For a comprehensive understanding of the Judgment, it is necessary to first clarify the conditions that must be met for the issuance of the interim injunction under consideration. In accordance with the provisions of Article 272 of the Enforcement and Security Act (the "ZIZ"), the court may issue an interim injunction to secure a non-monetary claim if the creditor demonstrates that it is likely that the claim exists or will arise against the debtor. In doing so, the creditor must also demonstrate one of the assumptions of the second paragraph of Article 272 of the ZIZ, namely (a) the danger that the enforcement of the claim will be impossible or significantly hindered, (b) that the injunction is necessary to prevent the use of force or the occurrence of irreparable harm; (c) that the debtor, if the interim injunction were to prove unfounded during the proceedings, would not suffer more severe adverse consequences than those that would occur to the creditor without the issuance of the interim injunction. The creditor is not obliged to prove danger if it is likely that the debtor would suffer only minor damage with the proposed injunction. On the other hand, according to the case law of the Constitutional Court, an additional condition of reversibility must also be demonstrated in the case of a regulatory interim injunction, i.e., the condition that in the event of rejection of the claim, it is possible to restore the previous state for the debtor.
In the discussed Judgment, the Higher Court in Ljubljana, among other things, specifically addressed the condition of the likelihood of the existence of the claimed claim and other conditions under the second paragraph of Article 272 of the Enforcement and Security Act (ZIZ) in connection with Article 7 of Council Directive 93/13/EEC of 5 April 1993 on unfair terms in consumer contracts (the "Directive") and the judgment of the European Court of Justice, case no. C-287/22 of 15 June 2023 (the "Judgment C-287/22"). The Higher Court in Ljubljana, through the discussed Judgment, affirmed the position of the court of first instance that the relevant legal basis for the issuance of interim measures in proceedings concerning unfair consumer contracts is the Directive, where it is also necessary to consider Judgment C-287/22 as a mandatory legal source for the interpretation of the said directive regarding the issuance of interim injunctions. In accordance with Judgment C-287/22, national courts must have sufficient indicators of the unfairness of contractual terms (i.e., the likelihood that the loan agreement is null and void) when issuing interim injunctions. On the other hand, national courts must also determine whether the moratorium in favor of the consumer for the duration of the proceedings is necessary to restore the actual and legal position in which the consumer would be if not bound by the (unfair) currency clause. In doing so, the court must also consider the financial position of the consumer and the risk that the consumer may have to repay an amount to the bank exceeding the principal amount of the loan.

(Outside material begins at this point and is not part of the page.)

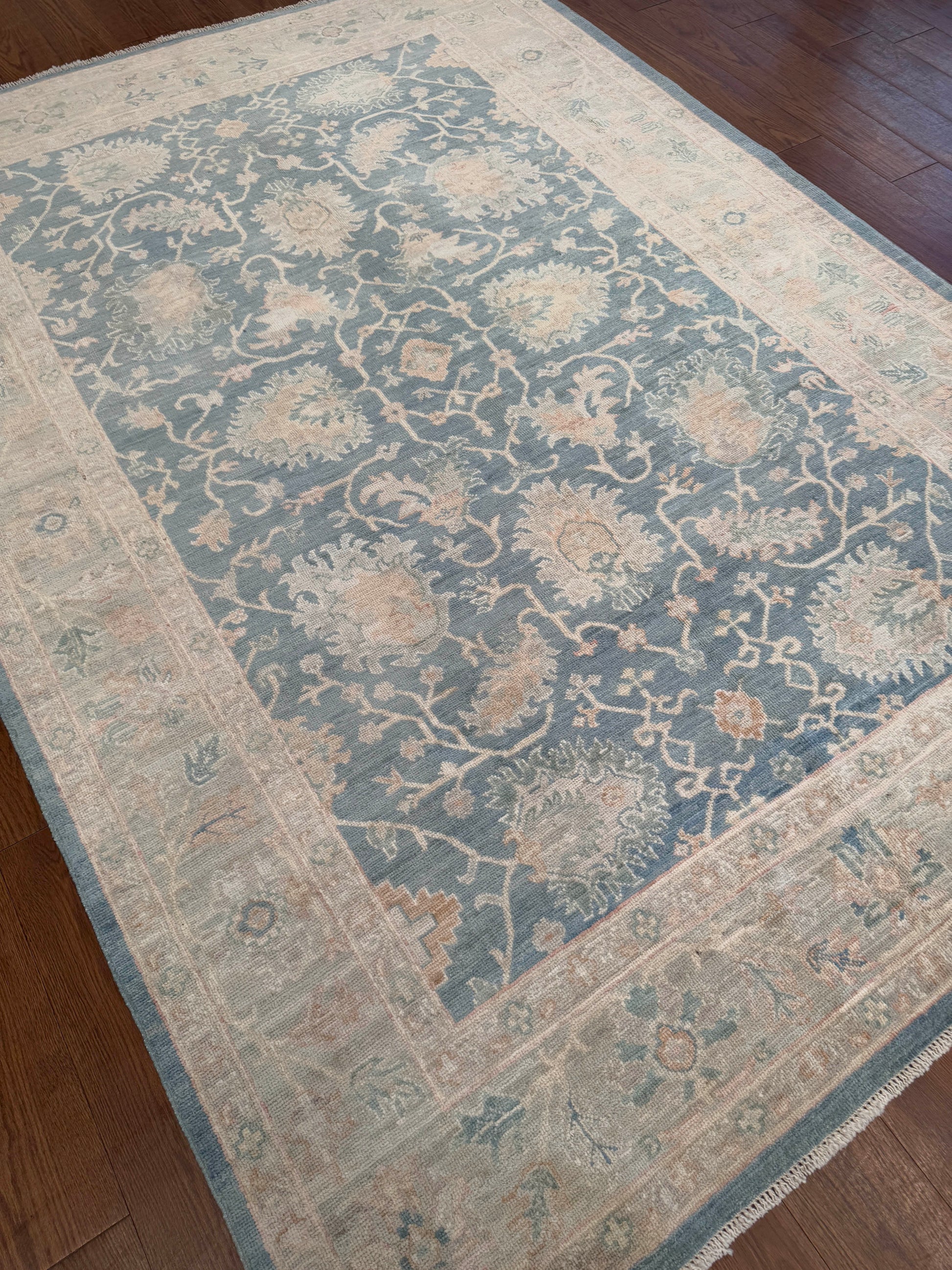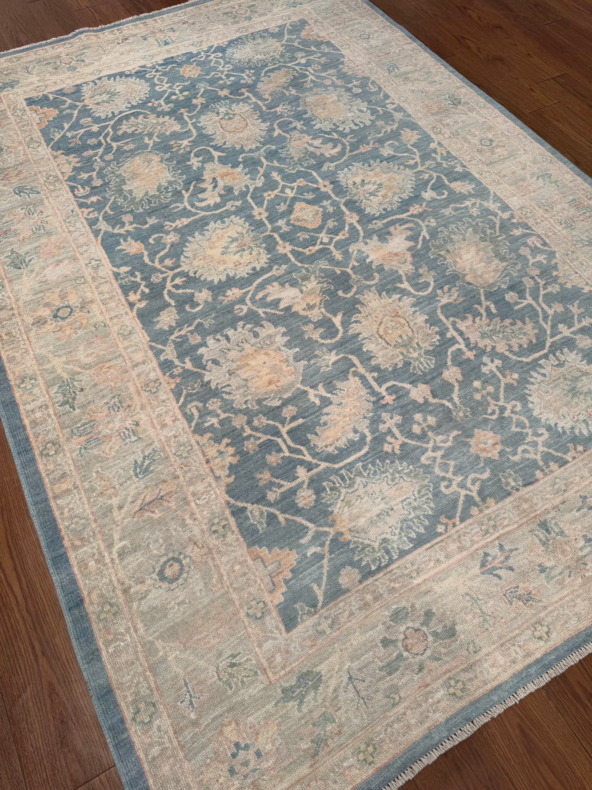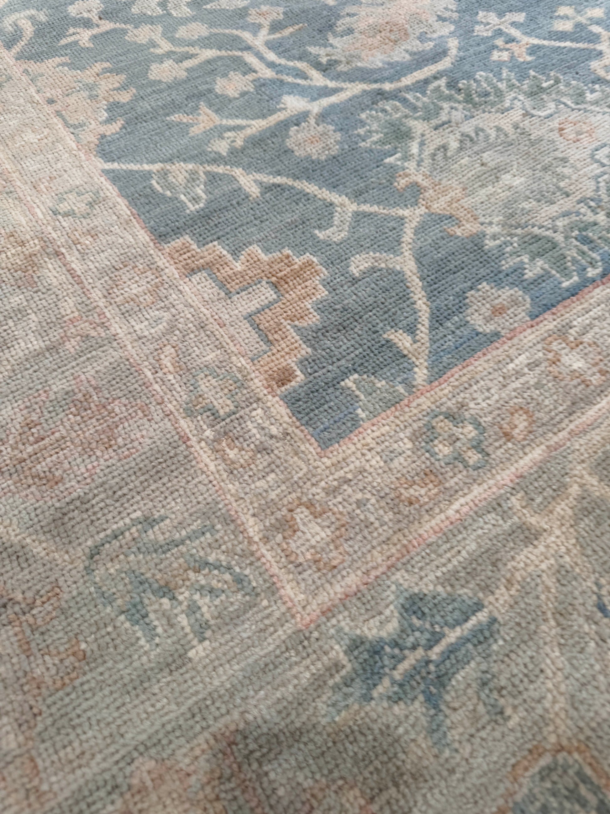 This refined handwoven wool rug features a serene palette and graceful detailing. The soft blue field is balanced with muted ivory and beige accents, while intricate floral motifs flow seamlessly throughout, framed by a subtle border. Its understated elegance makes it versatile and timeless, enhancing any space with warmth and sophistication.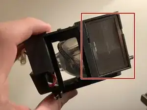 Используйте пылесос, чтобы осторожно удалить пыль с переднего и заднего экранов корпуса лампы.

As essential for the probable existence of the claim, i.e., whether the disputed loan agreements are void, the court in the Judgment emphasized the determination of whether the bank adequately explained to the borrowers the long-term economic burden they assumed by entering into the contracts. Inadequate and insufficient explanatory obligations on the one hand indicate the bank's bad faith, and on the other hand, they indicate such an informational gap between the contracting parties that borrowers, due to insufficient information at the time of contract formation, did not have the opportunity to make informed and reasonable decisions, even though the burden of their decisions may have only become apparent in the period (of several years) after the conclusion of the contracts. The content of the explanatory obligation must be such that an average consumer can understand the specific operation of the contractual term (i.e., the currency clause) and can assess, based on the information received, the potential economic consequences of such a term for their financial obligations and the real extent of the risk assumed.
In Judgement the Higher Court in Ljubljana emphasized that Judgment C-287/22 does not constitute an automatic direct basis for the issuance of an interim injunction. Therefore, it is always necessary to assess the specific factual situation in each case in light of the relevant provisions of the Enforcement and Security Act (ZIZ), always considering the positions taken in Judgment C-287/22. Additionally, in the discussed Judgment the court highlighted that the temporary regulation under consideration, which proposes a moratorium on loan installment payments, constitutes a regulatory interim injunction, thereby necessitating a restrictive approach to the fulfillment of the conditions for the issuance of such an injunction.
Regarding the weighing of conditions from the second paragraph of Article 272 of the Enforcement and Security Act (ZIZ), the Higher Court in Ljubljana highlighted that borrowers can demonstrate a deterioration in their financial situation and thus the occurrence of irreparable harm they would suffer if they continued to repay loan installments (the second clause of the second paragraph of Article 272 of the ZIZ). However, in any case, the court is also obliged to conduct a balancing act according to the third clause of the second paragraph of Article 272 of the ZIZ regarding the harmful consequences on both sides, taking into account not only the financial situation of the borrowers, the monthly burden of repaying loan installments, and the fact that the principal has already been repaid but also the fact that the bank is a financial institution with its claims secured by mortgages on the loan agreements.
In relation to the condition of reversibility, the Higher Court concluded that such condition is fulfilled in the case where the bank has established a mortgage as security for the loan. In this situation, it is not possible to argue that the bank would be unable to recover its claims in the event that the borrowers were unsuccessful in their lawsuit. The established mortgage enables the bank to restore the previous state in the event of rejection of the lawsuit by the borrowers.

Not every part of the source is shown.